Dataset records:
────────────────────

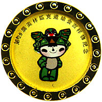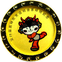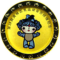 经北京奥组委授权,中国金币总公司发行的第29届奥林匹克运动会吉祥物纪念章,由深圳国宝造币有限公司与上海造币厂铸造。这套纪念章共7个规格,包括1公斤彩色金章1枚、1/10盎司彩色金章5枚、1公斤彩色银章1枚、1盎司彩色银章6枚;80毫米铜章1枚、38毫米彩色镀银铜章6枚,和1克彩色金质胸章5枚。彩色金质胸章是其中的另类,由于佩戴要求,它不仅另有附件,而且背面没有北京2008年奥运会会徽及体育项目组合图案。彩色金质胸章重1克,圆形,直径14毫米,在这套纪念章中,它的分量最轻,规格最小,但也是最能为参与者接受的品种。
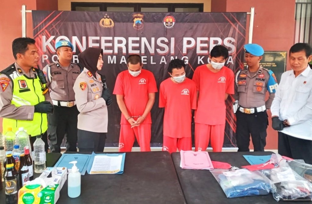 Dalam Konferensi Pers tersebut dihadirkan sejumlah Pelaku kasus narkoba yang berhasil diamankan Satresnarkoba Polres Magelang Kota. Serta sejumlah Barang Bukti (BB) seperti minuman keras (Miras) berbagai kemasan, jenis dan merk dan BB lainnya. (N)
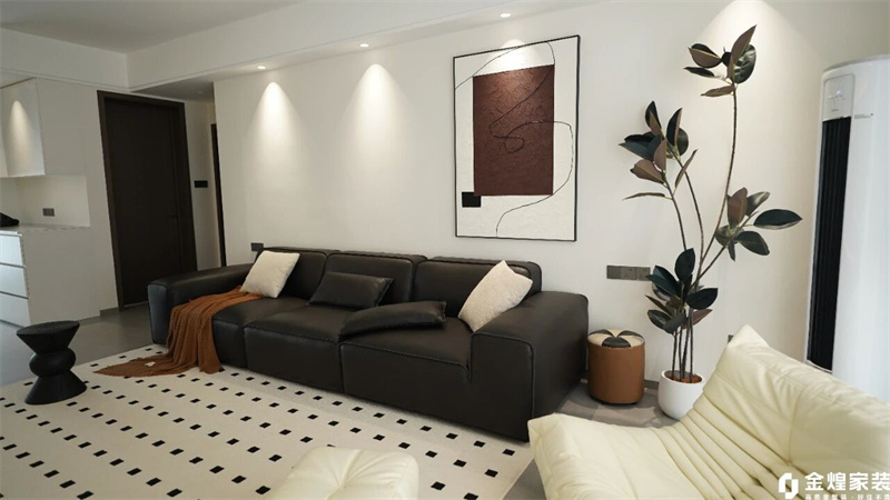 客厅主色调采用白色墙面与灰色大理石地砖搭配,创造出通透明亮的空间感。以低调的深色调沙发展现简约品味,通过一些精致的极简设计装饰画和空间摆件,为整个客厅注入一丝艺术氛围。
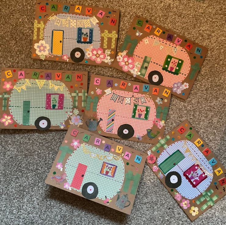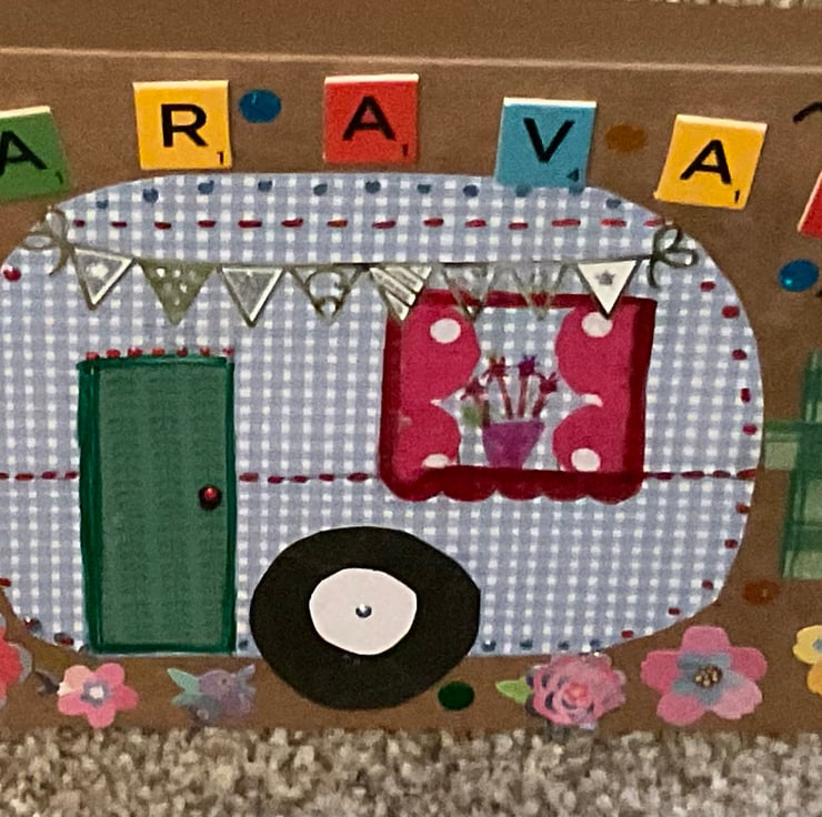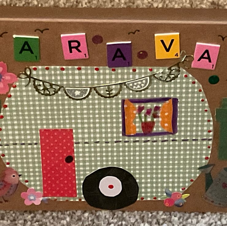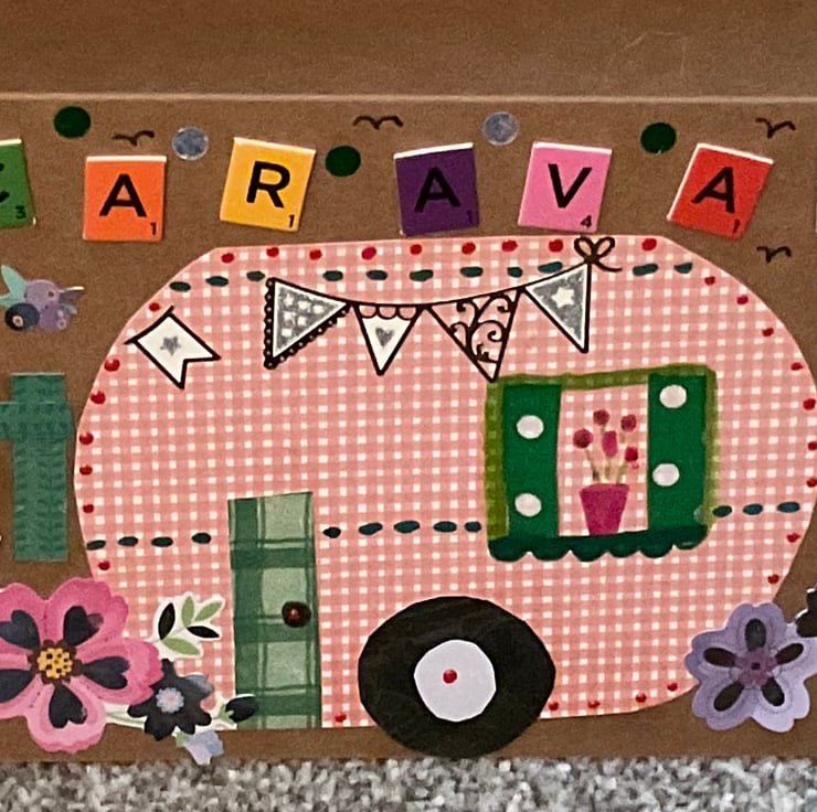 A hand crafted greetings card in a caravan theme. Envelope included. I have six available. Pot luck.
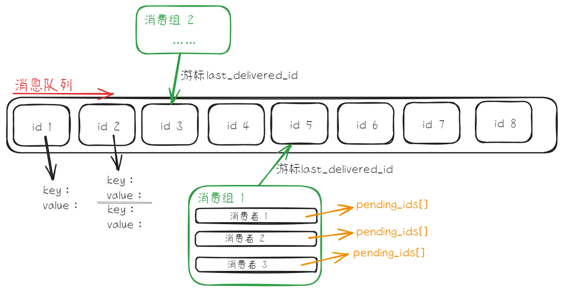 XGROUP CREATE 队列名 组名 游标创建消费者组xgroup createconsumer 队列名 组名 消费者名将消费者添加到某个消费组
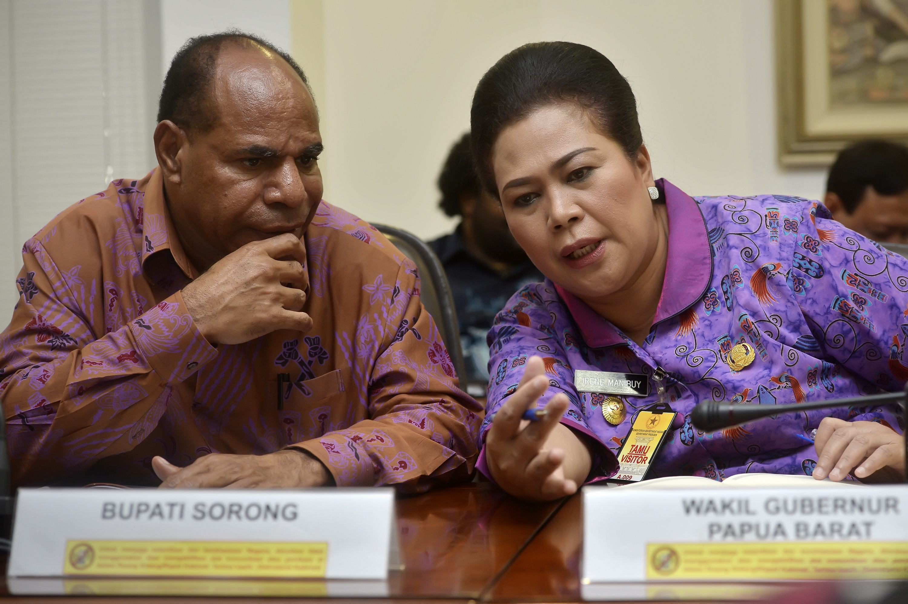 Wakil Gubernur Papua Barat Irene Manibuy (kanan) berdiskusi dengan Bupati Sorong Steve Malak (kiri) saat Rapat Terbatas Kabinet membahas Kawasan Ekonomi Khusus Papua di Kantor Presiden, Jakarta, Selasa (14/6). Sebagai persiapan pembangunan Kawasan Ekonomi Khusus (KEK) di Sorong, Papua Barat, Presiden menginstruksikan agar jajarannya memastikan kesiapan lokasi, zonasi, lahan dan lain sebagainya, untuk menentukan apakah wilayah tersebut saat ini sudah benar-benar layak untuk disiapkan menjadi sebuah KEK untuk memajukan wilayah Papua. ANTARA FOTO/Yudhi Mahatma/ama/16
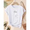 European Size Women's Casual Short Sleeve T-Shirt with Moon Rising Over Water Graphic Print - Soft Stretch Round Neck Top for Spring Summer Fall
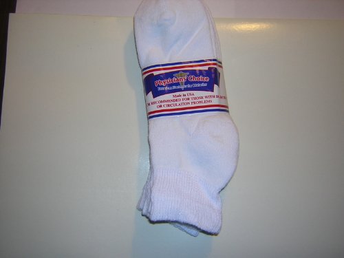 3 Pair Diabetic Socks,9-11 medium size,1/4sport length,white,Physicians Choice

────────────────────

Retype word for word the span of lines above that begins with the line containing "Wakil Gubernur Papua" and ends with the last line of the records; skip all pictures.

◆ **Answer to the exercise**:
 Wakil Gubernur Papua Barat Irene Manibuy (kanan) berdiskusi dengan Bupati Sorong Steve Malak (kiri) saat Rapat Terbatas Kabinet membahas Kawasan Ekonomi Khusus Papua di Kantor Presiden, Jakarta, Selasa (14/6). Sebagai persiapan pembangunan Kawasan Ekonomi Khusus (KEK) di Sorong, Papua Barat, Presiden menginstruksikan agar jajarannya memastikan kesiapan lokasi, zonasi, lahan dan lain sebagainya, untuk menentukan apakah wilayah tersebut saat ini sudah benar-benar layak untuk disiapkan menjadi sebuah KEK untuk memajukan wilayah Papua. ANTARA FOTO/Yudhi Mahatma/ama/16
 European Size Women's Casual Short Sleeve T-Shirt with Moon Rising Over Water Graphic Print - Soft Stretch Round Neck Top for Spring Summer Fall
 3 Pair Diabetic Socks,9-11 medium size,1/4sport length,white,Physicians Choice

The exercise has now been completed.